## Work to be completed
Could you repeat the records below exactly, without the pictures?

## The data
.....

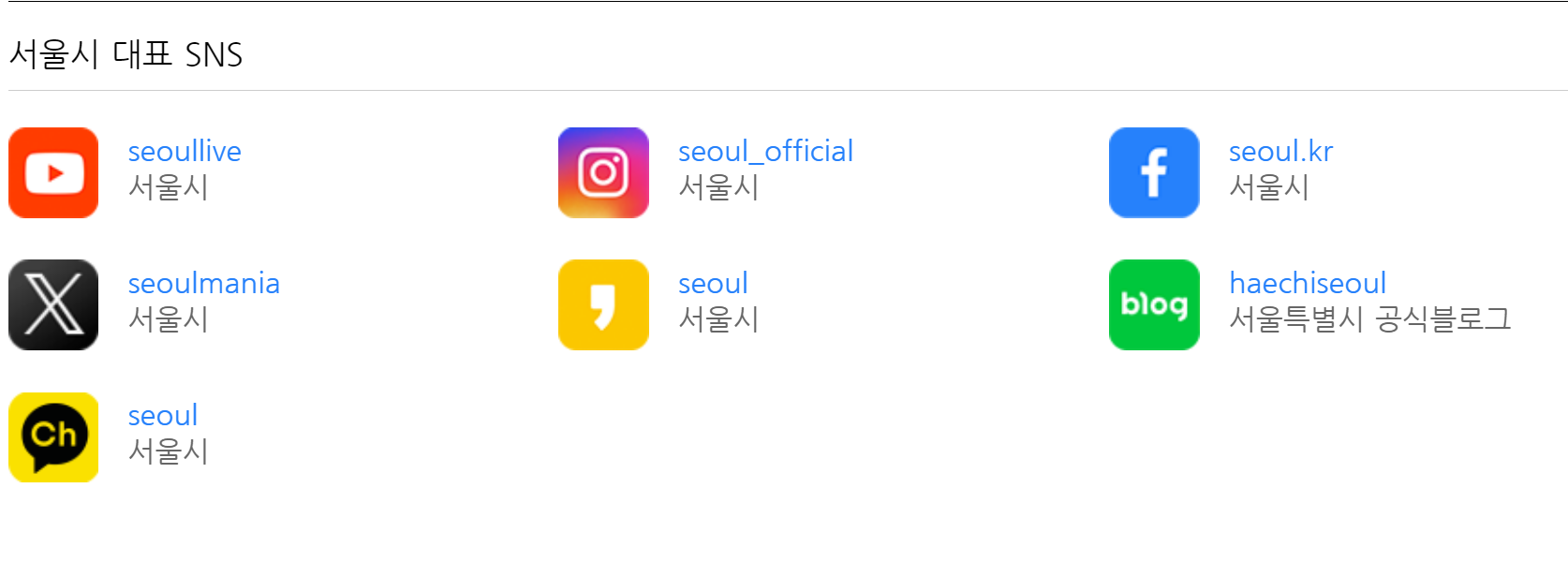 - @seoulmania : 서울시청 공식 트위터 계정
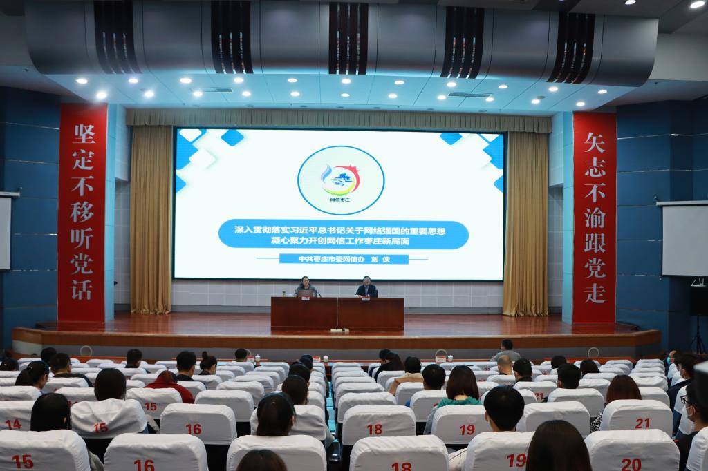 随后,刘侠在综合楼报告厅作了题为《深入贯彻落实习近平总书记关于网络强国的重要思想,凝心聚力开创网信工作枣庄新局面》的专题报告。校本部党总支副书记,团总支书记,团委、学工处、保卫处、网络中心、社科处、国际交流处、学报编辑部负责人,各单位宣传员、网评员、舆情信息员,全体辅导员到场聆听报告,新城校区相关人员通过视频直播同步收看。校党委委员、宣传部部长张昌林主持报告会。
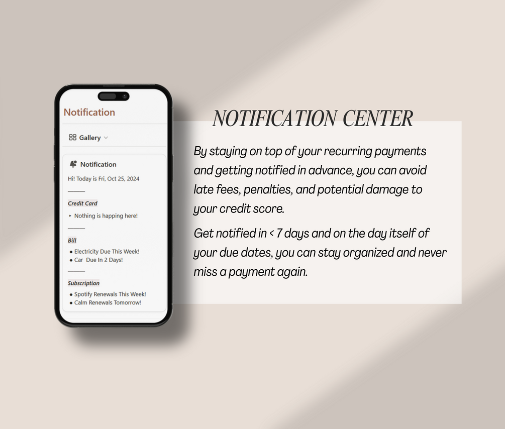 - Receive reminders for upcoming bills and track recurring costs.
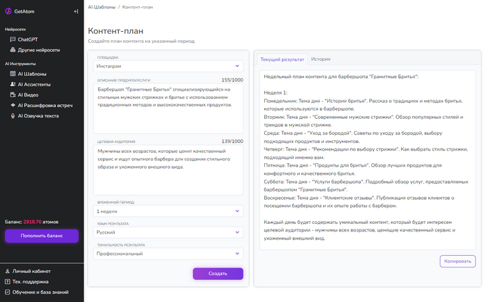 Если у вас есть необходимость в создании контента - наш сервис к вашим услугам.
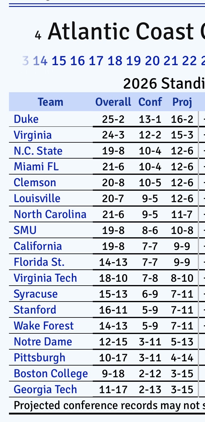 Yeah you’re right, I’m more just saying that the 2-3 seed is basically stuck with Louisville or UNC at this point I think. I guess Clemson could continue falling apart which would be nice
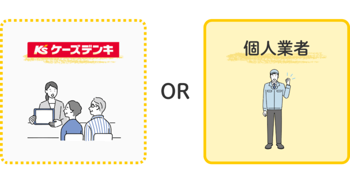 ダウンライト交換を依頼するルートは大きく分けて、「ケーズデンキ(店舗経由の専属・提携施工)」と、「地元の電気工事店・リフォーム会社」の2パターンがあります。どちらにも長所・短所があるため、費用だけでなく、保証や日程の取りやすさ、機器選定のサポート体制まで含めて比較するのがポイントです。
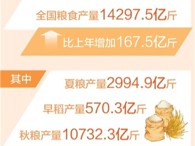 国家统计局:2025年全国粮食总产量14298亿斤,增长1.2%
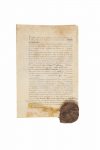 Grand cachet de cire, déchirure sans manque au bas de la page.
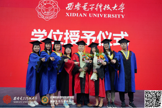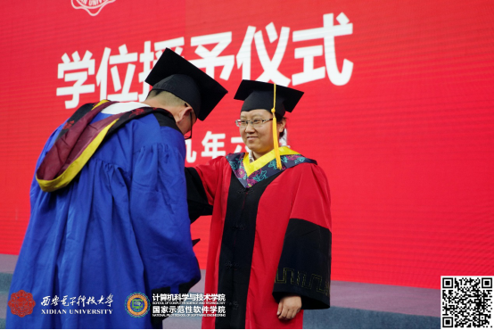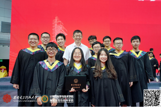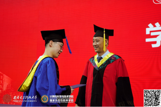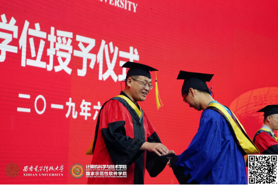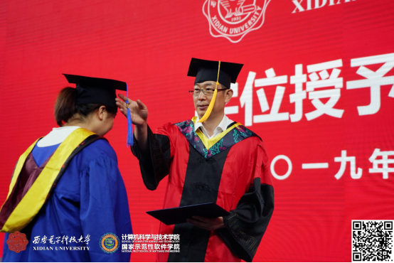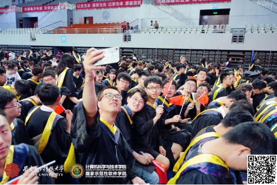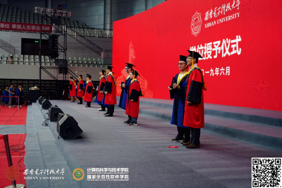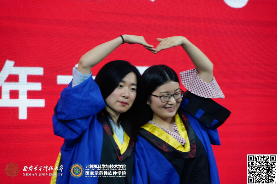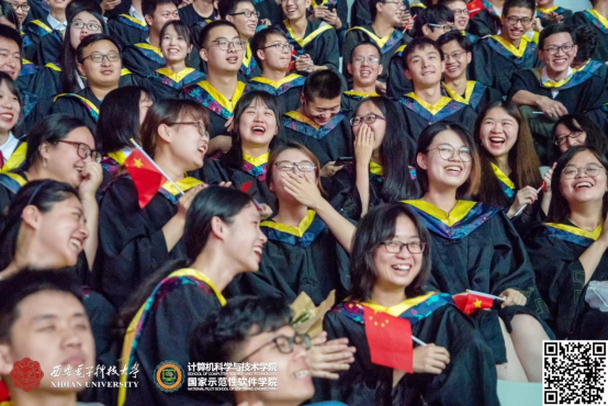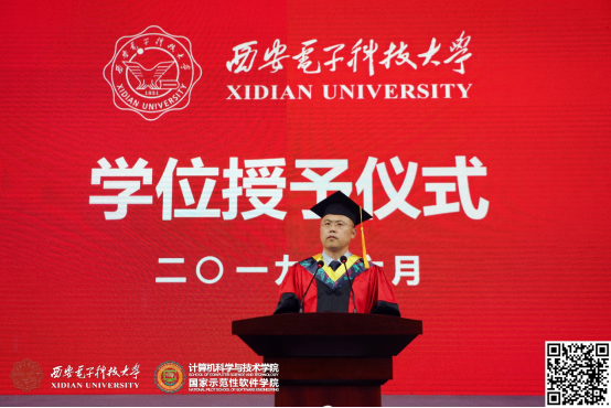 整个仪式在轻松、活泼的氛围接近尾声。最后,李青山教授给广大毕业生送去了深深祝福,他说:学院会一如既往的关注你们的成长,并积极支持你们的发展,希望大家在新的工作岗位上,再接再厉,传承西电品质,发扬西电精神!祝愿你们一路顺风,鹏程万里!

.....

## Result of the task
 - @seoulmania : 서울시청 공식 트위터 계정
 随后,刘侠在综合楼报告厅作了题为《深入贯彻落实习近平总书记关于网络强国的重要思想,凝心聚力开创网信工作枣庄新局面》的专题报告。校本部党总支副书记,团总支书记,团委、学工处、保卫处、网络中心、社科处、国际交流处、学报编辑部负责人,各单位宣传员、网评员、舆情信息员,全体辅导员到场聆听报告,新城校区相关人员通过视频直播同步收看。校党委委员、宣传部部长张昌林主持报告会。
 - Receive reminders for upcoming bills and track recurring costs.
 Если у вас есть необходимость в создании контента - наш сервис к вашим услугам.
 Yeah you’re right, I’m more just saying that the 2-3 seed is basically stuck with Louisville or UNC at this point I think. I guess Clemson could continue falling apart which would be nice
 ダウンライト交換を依頼するルートは大きく分けて、「ケーズデンキ(店舗経由の専属・提携施工)」と、「地元の電気工事店・リフォーム会社」の2パターンがあります。どちらにも長所・短所があるため、費用だけでなく、保証や日程の取りやすさ、機器選定のサポート体制まで含めて比較するのがポイントです。
 国家统计局:2025年全国粮食总产量14298亿斤,增长1.2%
 Grand cachet de cire, déchirure sans manque au bas de la page.
 整个仪式在轻松、活泼的氛围接近尾声。最后,李青山教授给广大毕业生送去了深深祝福,他说:学院会一如既往的关注你们的成长,并积极支持你们的发展,希望大家在新的工作岗位上,再接再厉,传承西电品质,发扬西电精神!祝愿你们一路顺风,鹏程万里!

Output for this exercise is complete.